TASK DESCRIPTION: Please transcribe only the lines that run from the line bearing "研究所設立 40 周年記念講演会" to the end of the entries, keeping both end lines. Skip the pictures.
========
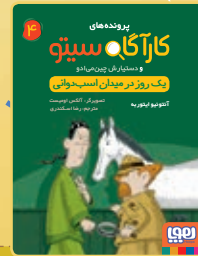
یک روز در میدان اسب‌دوانی
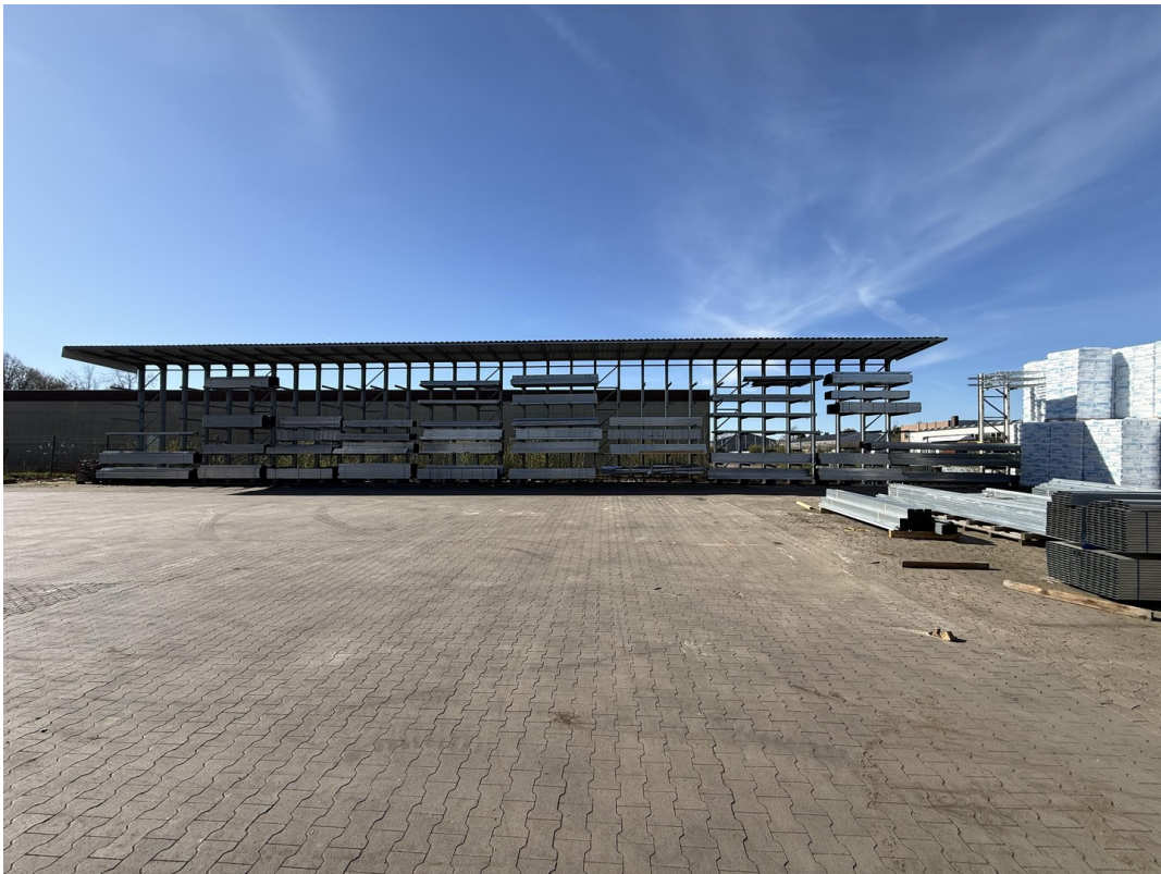
Hoffläche / Freigelände
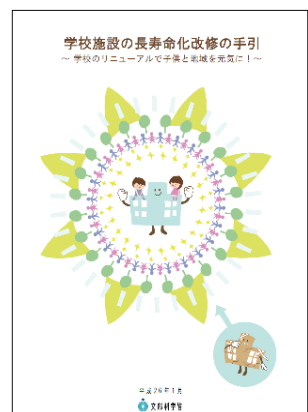
学校施設の長寿化改修の手引 (文部科学省 2014年1月)
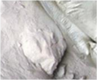
1、 Raw Material
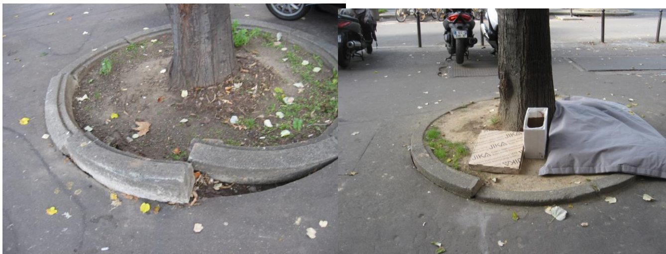
Bordures pied d'arbre placette vers le 46 bd du Temple (signalé le 18/10/16)
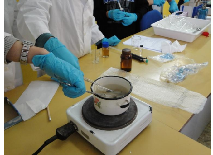
Bez šišmišjih krila, kralje balege i vilinske prašine.
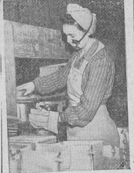
Finalizada la cantienda mundial una gran factoría inglesa de aviones ha sido habilitada para producir utensilios domésticos. He aquí a una obrera entregada a la fabricación de cacerolas.

Los estudios de aviación se realizan en la Escuela de Aviación de Córdoba y existen otras varias civiles. Las perspectivas de la aviación en la Norteamericana, se permite a los alemanes criticar la ejecución de las disposiciones aliadas de ocupación, pero no las disposiciones mismas.
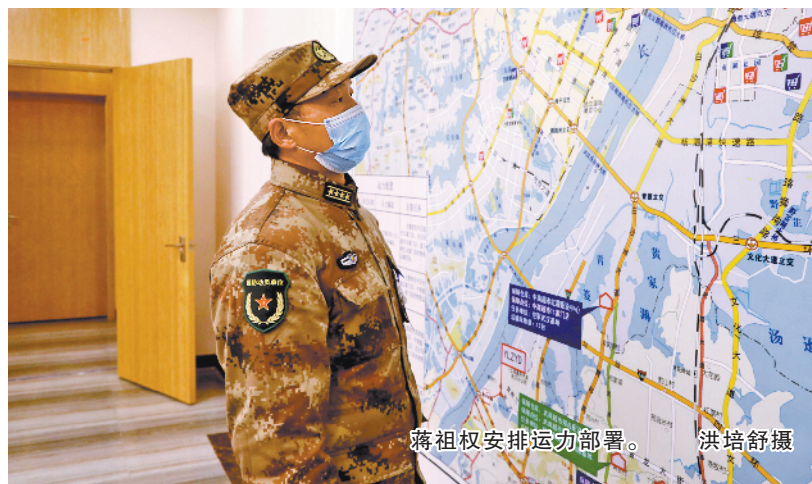
蒋祖权安排运动部署。
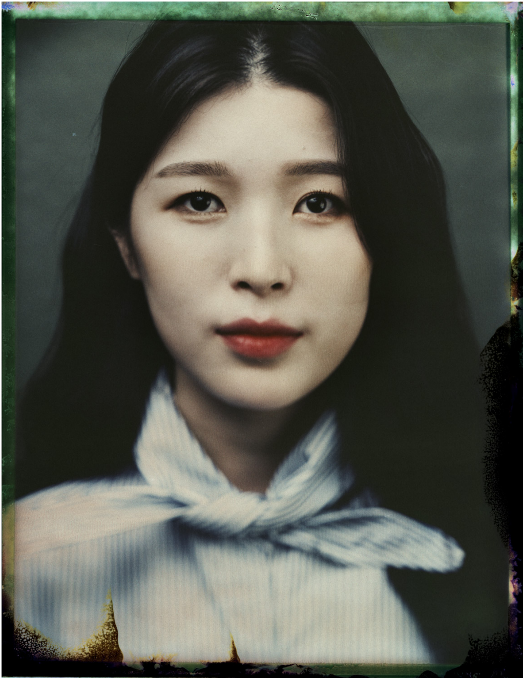
Série Unperson . Kang Nara, 2019 Tirage pigmentaire sur papier Fine Art
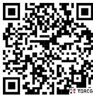
পল্লী উন্নয়ন একাডেমি, জামালপুরের টেলিটক পোর্টালে প্রবেশের QR Code
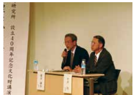
研究所設立 40 周年記念講演会
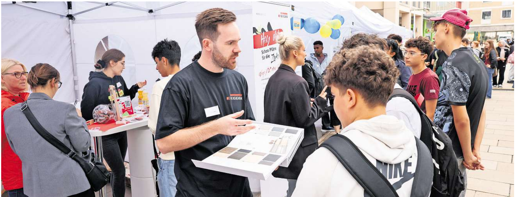
Die Schüler haben auf der „wobJOB“ viele Fragen gestellt: Beispielsweise am Stand der Firma Egger.
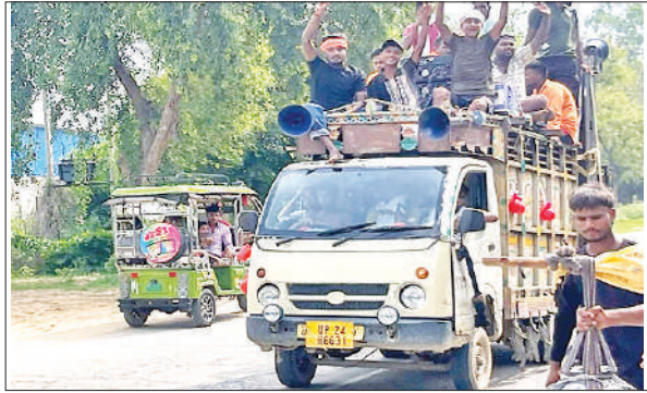
वाहन से कावड़ भरने जाते लोग।

बरेली की ओर आने वाली रोडवेज बसें और हल्के वाहन नवादा चौकी से कुंवरगांव, आंवला, अलीगंज, गैनी, रामगंगा, लाल फाटक होते हुए भेजे जाएंगे।
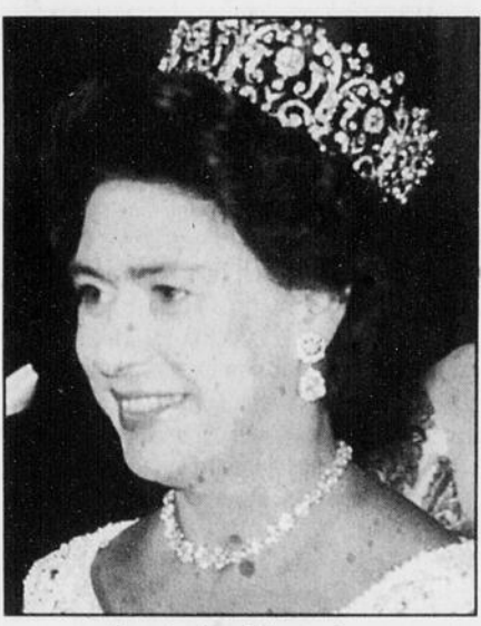
La princesse Margaret

Le public est aussi invité à laisser des messages sur le site Internet de la famille royale en mémoire d'une personnalité qui, selon les mots de son neveu le prince Charles, «aimait la vie et
========
ANSWER BOX:
研究所設立 40 周年記念講演会
Die Schüler haben auf der „wobJOB“ viele Fragen gestellt: Beispielsweise am Stand der Firma Egger.
वाहन से कावड़ भरने जाते लोग।

बरेली की ओर आने वाली रोडवेज बसें और हल्के वाहन नवादा चौकी से कुंवरगांव, आंवला, अलीगंज, गैनी, रामगंगा, लाल फाटक होते हुए भेजे जाएंगे।
La princesse Margaret

Le public est aussi invité à laisser des messages sur le site Internet de la famille royale en mémoire d'une personnalité qui, selon les mots de son neveu le prince Charles, «aimait la vie et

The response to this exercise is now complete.